The reasons alleged in vindication of this practice, are the following: that the several species of brutes being created to prey upon one another, affords a kind of analogy to prove that the human species were intended to feed upon them; that, if let alone, they would overrun the earth, and exclude mankind from the occupation of it; that they are requited for what they suffer at our hands, by our care and protection.

Upon which reasons I would observe, that the analogy contended for is extremely lame; since brutes have no power to support life by any other means, and since we have; for the whole human species might subsist entirely upon fruit, pulse, herbs, and roots, as many tribes of Hindoos actually do. The two other reasons may be valid reasons, as far as they go; for, no doubt, if man had been supported entirely by vegetable food, a great part of those animals which die to furnish his table, would never have lived: but they by no means justify our right over the lives of brutes to the extent in which we exercise it. What danger is there, for instance, of fish interfering with us, in the use of their element? Or what do we contribute to their support or preservation?

It seems to me, that it would be difficult to defend this right by any arguments which the light and order of nature afford; and that we are beholden for it to the permission recorded in Scripture, Gen. ix. 1,2,3: "And God blessed Noah and his sons, and said unto them, Be fruitful and multiply, and replenish the earth: and the fear of you, and the dread of you, shall be upon every beast of the earth, and upon every fowl of the air, and upon all that moveth upon the earth, and upon all the fishes of the sea; into your hand are they delivered: Every moving think shall be meat for you; even as the green herb, have I given you all things." To Adam and his posterity had been granted, at the creation, "every green herb for meat," and nothing more.
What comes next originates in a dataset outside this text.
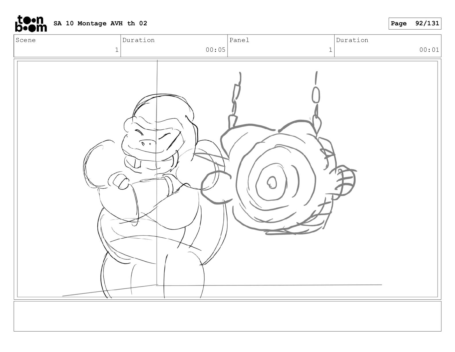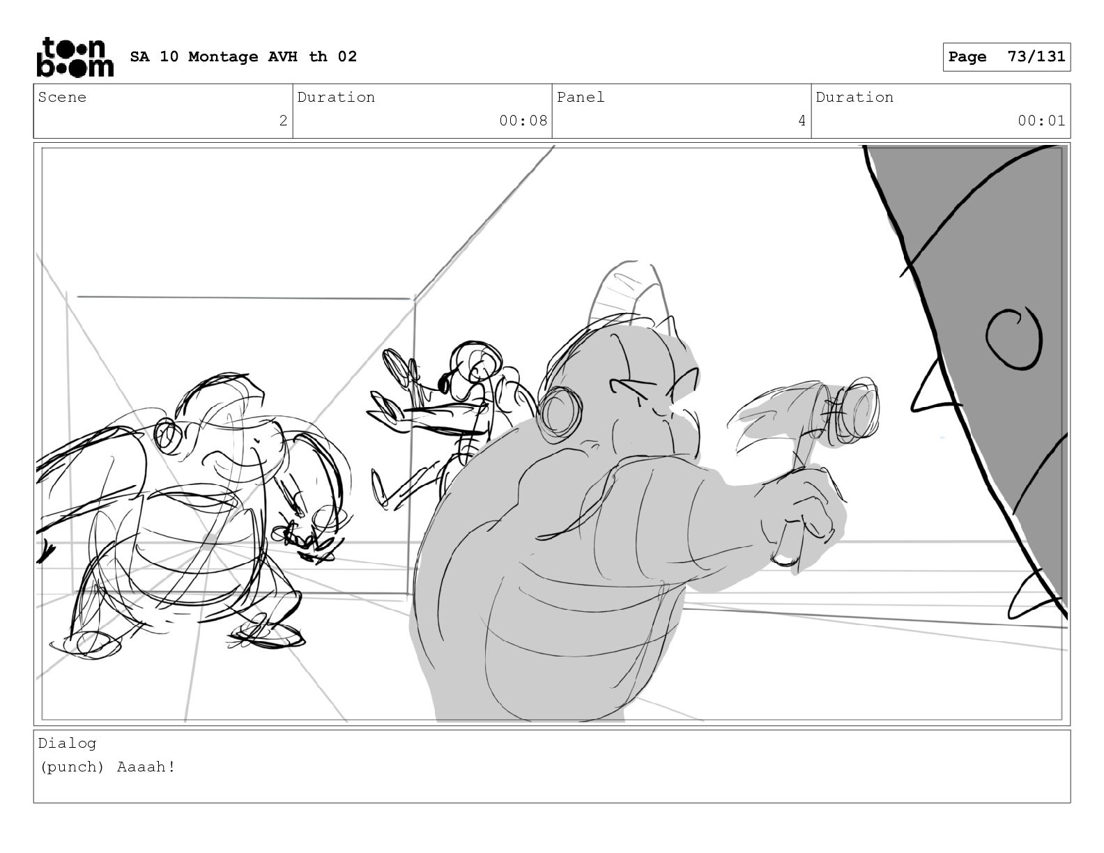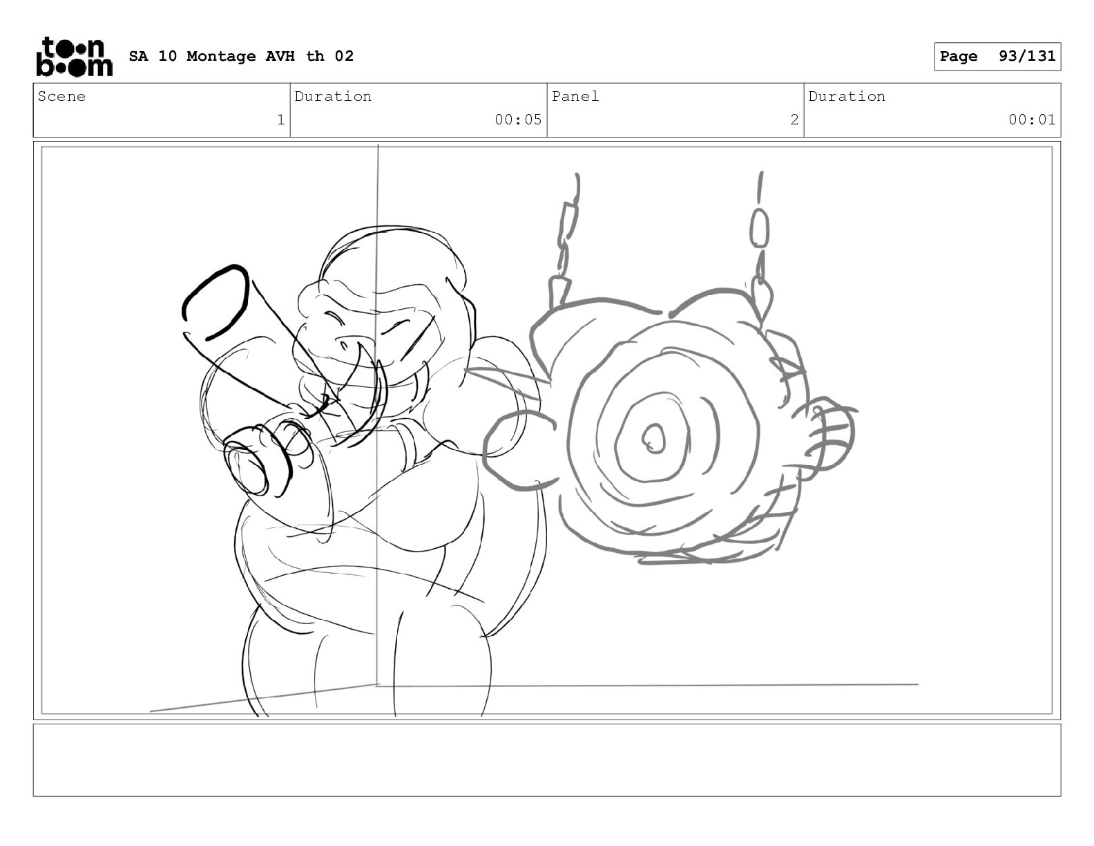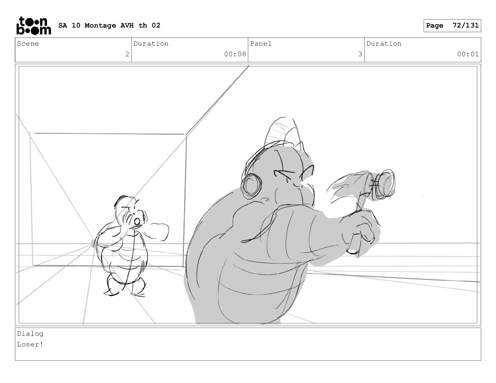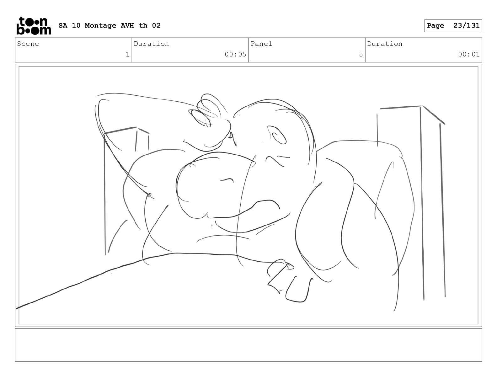 Scene 1 Duration 00:05 Panel 5 Duration 00:01 Dialog (grunt)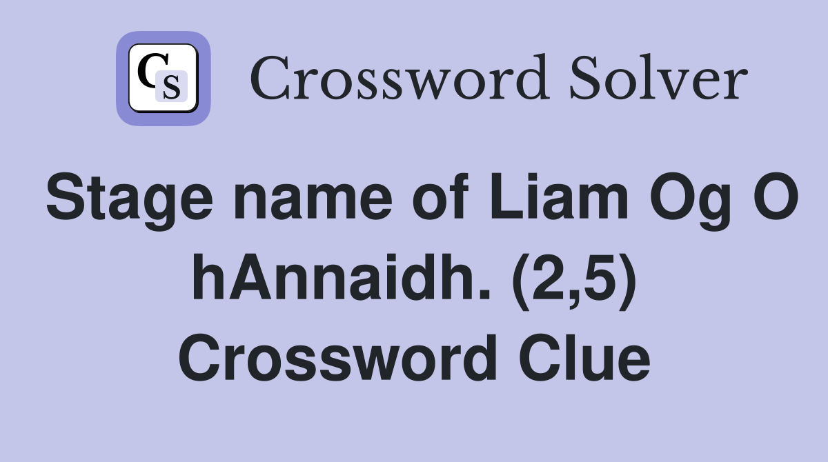Stage name of Liam Og O hAnnaidh (2 5) Crossword Clue Answers

In the last clause of the passage now produced, the old grant is recited, and extended to the flesh of animals: "even as the green herb, have I give you all things." But this was not till after the flood; the inhabitants of the antediluvian world had therefore no such permission, that we know of. Whether they actually refrained from the flesh of animals, is another question. Abel, we read, was a keeper of sheep; and for what purpose he kept them, but for food, is difficult to say (unless it were for sacrifices). Might not, however, some of the stricter sects among the antediluvians be scrupulous as to this point? And might not Noah and his family be of this description? For it is not probable that God would publish a permission, to authorize a practice which had never been disputed.

Wanton, and, what is worse, studied cruelty to brutes, is certainly wrong, as coming within none of these reasons.